Veintiséis de Agosto de
1809 (Anno Domini). En ruta hacia
Lisboa
Hoy hemos sufrido un
percance que a punto ha estado de acabar con todos cuantos componemos esta
expedición.
Aunque ya he consignado
que mi compañero de viaje es capitán, el mando efectivo de nuestra expedición
lo detenta el teniente preboste Sinclair según órdenes precisas del mayor
Grant. Este hecho puede que nos haya salvado la vida en el sentido de que la
decisión y rapidez de reacción del teniente ha sorteado una situación muy
apurada.
Esta misma mañana, apenas
reanudada la marcha, se cruzó en nuestro camino un grupo de paisanos que
demandaba socorro para sus familias desabastecidas. A pesar de lo paupérrimo de
su apariencia nadie hizo lo más mínimo para aliviarles excepto el capitán
Messervy, que ordenó detenerse y que se les entregara parte de nuestras
provisiones.
El teniente Sinclair
protestó aludiendo que no podíamos prescindir de las ya exiguas raciones. Su
tono fue tan firme que Messervy echó mano a sus bolsillos y les entregó unas
monedas a los pedigüeños. La expresión de alarma de Sinclair no me pasó
inadvertida mas no hice ningún comentario y proseguimos la marcha no sin que
éste ordenara a uno de sus hombres que se retrasara e informara de cualquier
novedad a nuestras espaldas.
Habrían transcurrido unas horas
cuando el rezagado se adelantó para comunicar que nos seguía un grupo de
jinetes, diez o doce, a cierta distancia. La noticia provocó alarma en el
capitán, que sugirió apretar el paso para distanciarnos pues acaso se tratase
de tropa enemiga.
Sin embargo Sinclair rechazó con frialdad la
propuesta pues el sol estaba muy alto y forzar las monturas a hora tan calurosa
los dejaría agotados para buena parte del resto de la jornada. Además juzgó que
no podía tratarse de tropa enemiga pues su avance debía encontrarse aún muy
lejos de allí. Mas, inopinadamente, ordenó hacer alto al abrigo de una pequeña
arboleda a la orilla del camino.
Con una celeridad que hubiera sorprendido al
más exigente ordenancista, la media docena de prebostes desmontó y organizó lo
que semejaba a una parada larga con caballos desensillados y atados a una
lazada asegurada entre dos delgados árboles. Los hombres, a continuación se
desplegaron cual si se encontrasen descansando unos, cepillando los caballos y
buscando leña otros aunque con carabinas y pistolas prestas y semiocultas.
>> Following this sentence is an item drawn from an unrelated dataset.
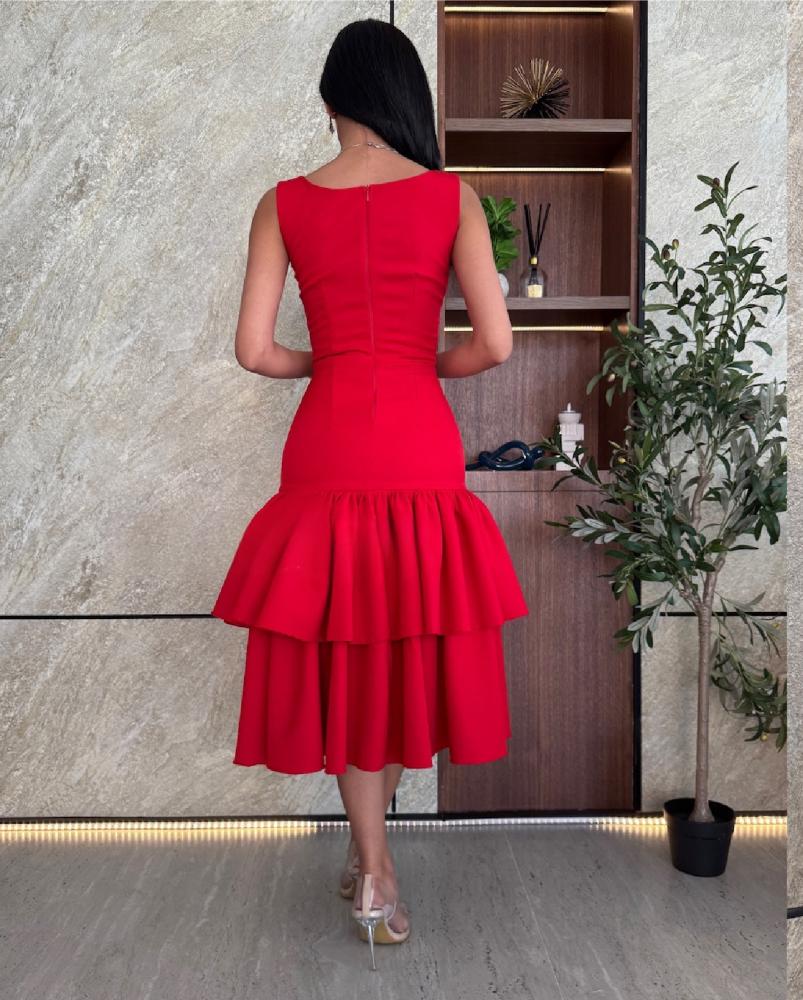 فستان احمر قصير ناعم طبقات بقماش التفتة الباربي

Luego, con la mayor indiferencia, Sinclair nos invitó al capitán Messervy y a
mí a situarnos al interior de la arboleda. Había ajustado sus dos pistolas en
la faja, a la altura de los riñones y, como si estuviera saboreando el cigarro
que acababa de encender, estaba adelantado mirando hacia por donde debían
aparecer nuestros perseguidores.
La perspectiva no parecía
en absoluto halagüeña así que cargué mis pistolas y esperé el desarrollo de los
acontecimientos. No mucho después una
decena de jinetes hizo su aparición ante nosotros.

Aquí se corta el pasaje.